Sharma: Sure, I wanted to go back to your point, Vince, it's a wonderful point about uncertainty. If you take the financial equivalent of uncertainty, it's probably volatility in the market. We can expect this year to be more volatile than the last. That may or may not pan out, but certainly, from what I've read, this looks like what's in store for us. But that doesn't necessarily mean that your stocks will end the year down. It doesn't mean they'll end way up. It simply means, as Vince says, that you should focus on the companies that have strong earnings, strong operating cash flow, access to market growth, market demand -- all those basic building blocks of a great investment are more important in an environment like this than they might be in other years, when that rising tide is lifting all boats. So, I absolutely agree with you there. It's going to be a more volatile year, most likely. So buckle down and do your homework. We'll try to help you with some of that in 2017, as always.
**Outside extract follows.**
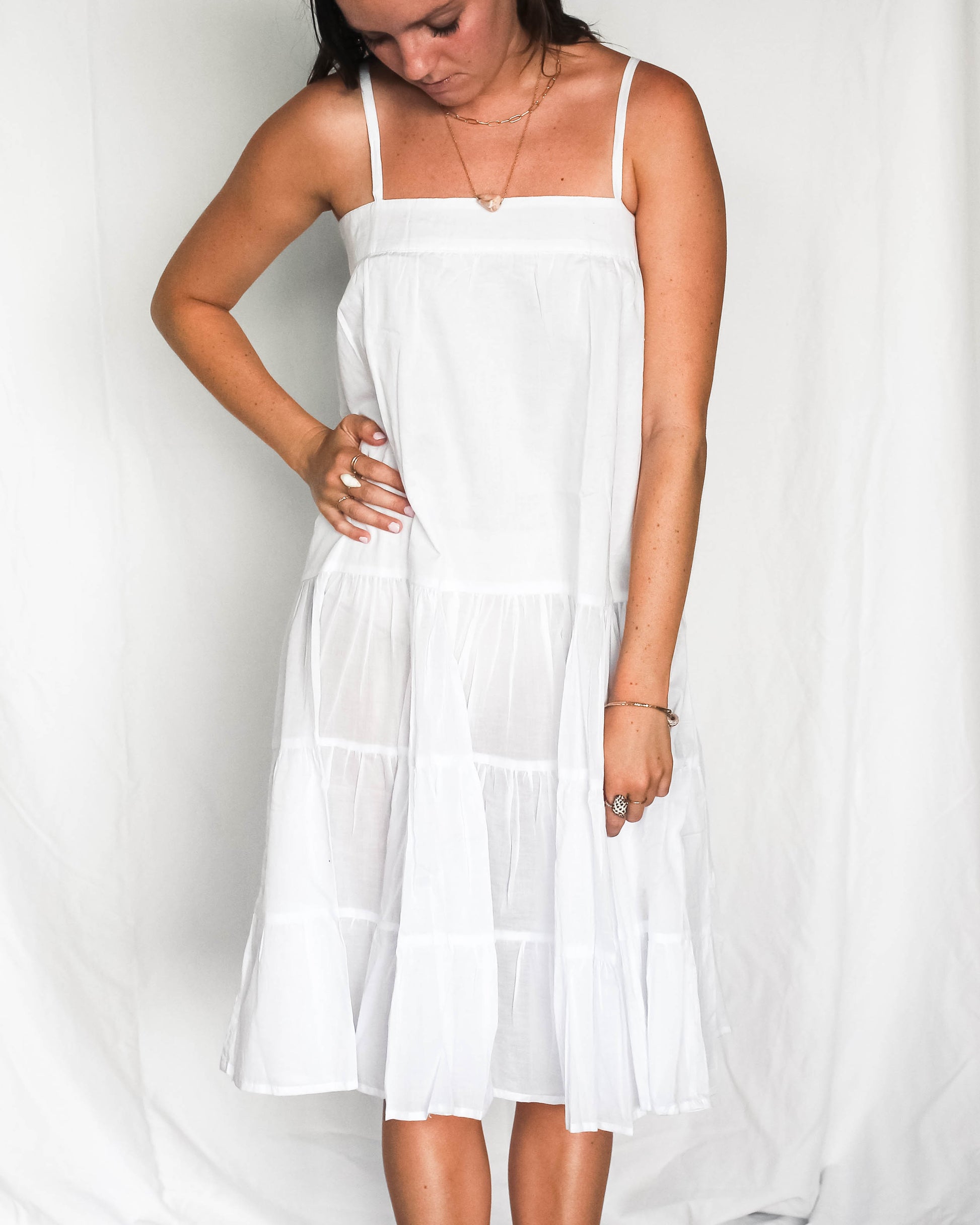 Made from 100 percent cotton, this flirty dress features a fashionable square neckline and bouncy tiers. Your new summer staple that effortlessly takes you from day to night.

Shen: Yep. Call that foundation of these companies and businesses that we look at your constant. There will be a lot of other things happening, the volatility, even quantified with, for example, the VIX volatility index, that has had plenty of ups and downs, hit near five-year highs several times in 2016. But again, broad market up 10% to 14% for the S&P and the Dow. Otherwise, focus on those key components and themes. Otherwise, thank you Asit for a great year. That's a wrap for us in 2016.
Before we go, I want to give a huge thanks to all the Fools out there, old and new, for listening, spending your commutes, your workouts, whatever time you have, tuning in. It's been a fantastic year for me stepping into the host seat. I hope you've enjoyed it as much as I have.